Still, for all its power and beauty, there were real limits to what could be said within my faith tradition. Like any other identity, religious identities and their attending traditions need boundaries, which often become walls. I thus grew frustrated and sought more freedom to speak and to think. Encouraged by my spiritual mentors in the seminary, I found that freedom within the academy, where one is actively encouraged to say what one thinks, as long as one can support such claims with evidence and a convincing defense of one's method‑that is, how exactly one arrived at one's conclusions. Here is an entire culture that exists, ideally anyway, for the sake of professing the truth, comfortably or uncomfortably.

All three disciplines (spiritual direction, psychoanalysis, and the intellectual life), moreover, were intimately bound up with a fourth esoteric technology of Western cultural history‑the mystical life, that is, the quest for a felt and transformative union with the divine. Etymologically speaking, the mystical (mustikon) is quite literally "the secret," "the hidden." Although it is certainly filled with its own secrets , perhaps one of the defining features of the mystical life is its collapsing of the inside and the outside, a kind of fusion or boundary crossing that recognizes no ultimate differentiation from the rest of the universe, be it naturally or culturally defined. If human identity can develop and survive only through processes of psychic differentiation, here we have an ultimate denial of differentiation and, with it, an irrepressible desire to speak and write secrets, that is, to cross those boundaries and transgress those assumed customs, identities, and protective measures that give security to the ego, all the while affirming both the potential terror and suffering of this process and the power of this most radical of denials‑the denial of (ultimate) difference itself. There can be no secrets in deep communion or unity, for a secret demands at least two separated selves. On this level, at least, the mystical is a kind of complete and troubling, even scandalous transparency

It was this quadruple training‑at once deeply religious and deeply suspicious‑that made my hermeneutical encounters with the published "public secrets" of a Bengali textual corpus virtually inevitable and produced my first book, Kdlis Child: The Mystical and the Erotic in the Life and Teachings of Ramakrishna, a psychoanalytically informed study of the erotic mysticism of the Hindu saint Ramakrishna Paramahamsa (1836‑1886). But none of these cultural practices‑not confession, not spiritual direction, not psychoanalysis, not Christian mysticism‑prepared me for the cross‑cultural and theoretical complexities of what it would mean to study and write about someone else's secrets (another mystical denial of difference), even if (a) these were not private at all but were in fact published in texts available to quite literally millions of readers, and (b) they would soon become my secrets as well, as the texts transformed my own psyche, body, and life. The heart of the present book is the story of the latter hermeneutical‑mystical process and how it informs my theorizing about the history of mysticism. It is about a kind of manic creative possession, a mildly dissociative trancelike state that was first induced by a hermeneutical encounter with the Bengali texts and out of which I would later think and write and speculate, "speculation" here understood not as a kind of groundless guessing, but as a type of intuitive visionary experience (speculare, "to see") in the necessary mirror (speculum) of the texts as both other and self.

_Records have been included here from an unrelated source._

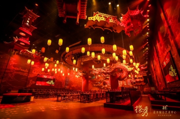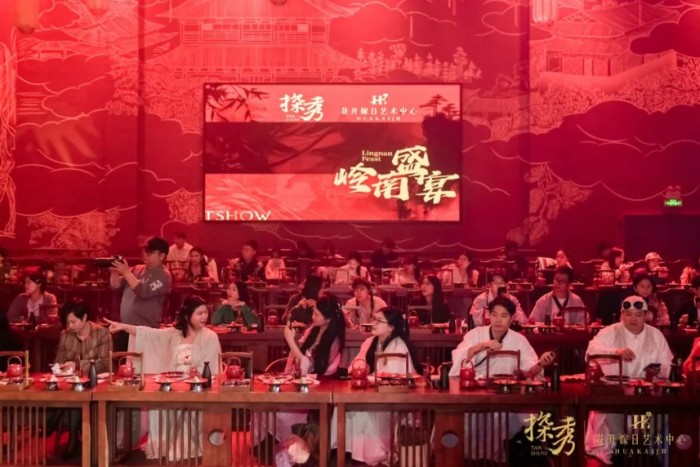 作为本场盛宴的重头戏部分,顾客们将在美轮美奂的宫廷布景餐厅体验一把皇帝宫廷宴会。在灯光、音效与舞美的完美配合之下,带来了长达两个小时的豪华视听盛宴。剧情围绕南越王赵眜与一位民间女子之间的爱情故事展开,在剧目的表演过程中穿插着送上与剧情有关的美味佳肴,更有与观众的随机互动体验,沉浸式演出的体验感拉满。一边享受表演一边进餐,仿佛古代的君王。
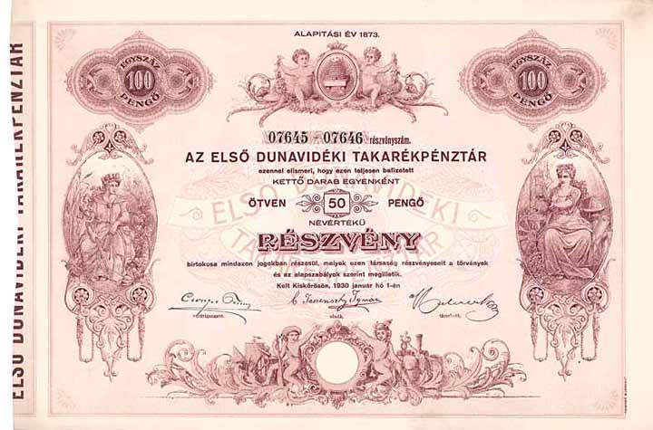 | Vorheriges Los | Zurück | Nächstes Los | | Losnr.: | 568 (Banken) | | Titel: | Elsö Dunavidéki Takarékpénztár (Erste Donaugegender Sparkassa) | | Auflistung: | Aktie 2 x 50 Pengö 1.1.1930. | | Ausruf: | 60,00 EUR | Ausgabe- datum: | 01.01.1930 | Ausgabe- ort: | Kiskörös | | Abbildung: |  | | Stücknr.: | 7645-46 | | Info: | Gründung 1873. Filialen in Kecel und Soltvadkert. | | Besonder-heiten: | Wunderschöne Gestaltung mit Putti, Bienenkorb, zwei weiblichen Allegorien. | | Erhaltung: | EF. | | Zuschlag: | offen |
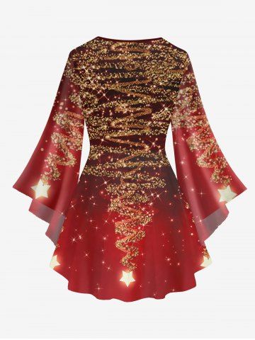 Plus Size Christmas Tree Star Glitter Sparkling Sequin 3D Print Lattice Crisscross Flare Sleeve T-shirt - Deep Red - M
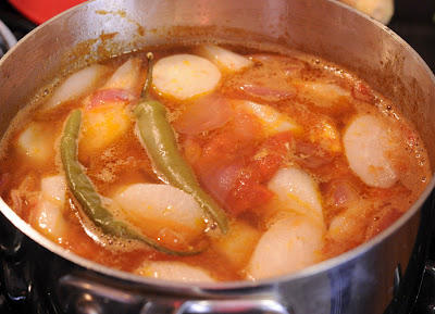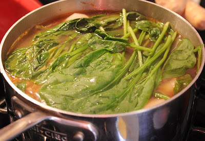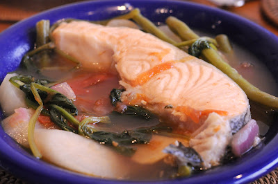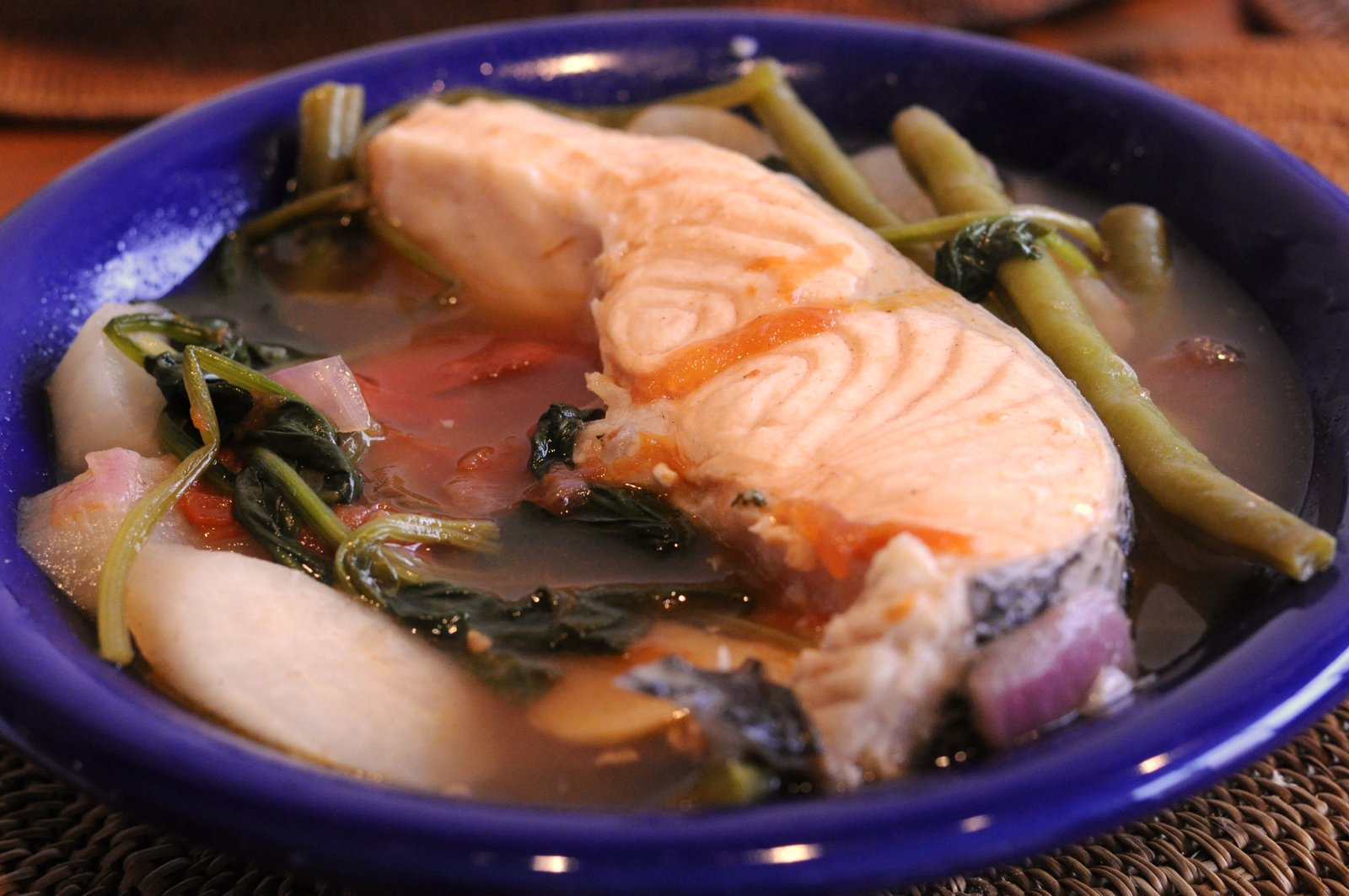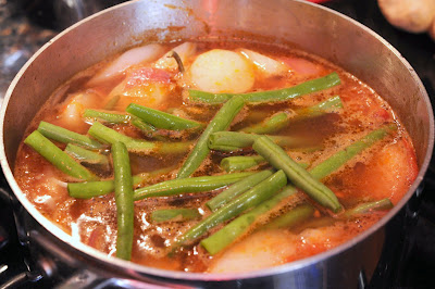 Saute ginger until brown, followed by the fish sauce, onions and tomatoes until soft. Add 6 cups water and sinigang mix. Simmer with daikon and peppers on low heat until cooked, about 15 minutes. Add string beans and simmer for ten minutes, then add fish and spinach and cook for another 5-7 minutes. Serve hot with rice. Yum! (Serves 2-3)

It is difficult for me not to think of my thought as a kind of secret, at once alluring, beautiful, and necessary to tell, and yet also as something somehow to be feared, censored, denied, even slandered. This, after all, is precisely the way my thought has been received (or, more accurately, not received) in some circles. I am conscious, in other words, of participating intimately and historically in the esoteric discourses I set out to study. I am aware of what it feels like not only to reveal a secret but also to become one. I know it is a bold claim, but I nevertheless feel that this total hermeneutical experience of writing about and experiencing a series of secrets can legitimately be called "sacred," for it manifests all the characteristics about which Rudolf Otto wrote so eloquently to give some voice to the "numinous consciousness" of attracting mystery and repelling terror that has defined humanity's encounter with the divine from antiquity' More to the point, this experience has taught me, in a deeply physiological way, about the sense of transcendence and sacrality that arises from revelations of sacred secrets, what Bok calls "intrusions into the sacred" and Georges Bataille, more accurately and traditionally, I think, referred to as transgressions of a taboo, transgressions, he thought, that were integral and necessary to any genuine entrance into the sacred as that mystical continuity or oneness that respects no social code and honors no moral distinction. How closely, then, I can identify with the insight of Don Cupitt, who understands classical mysticism as a kind of "subversive and transgressive writing" performed in order "to write their way and ours to a condition of personal religious happiness. That, anyway, is how it has been for me.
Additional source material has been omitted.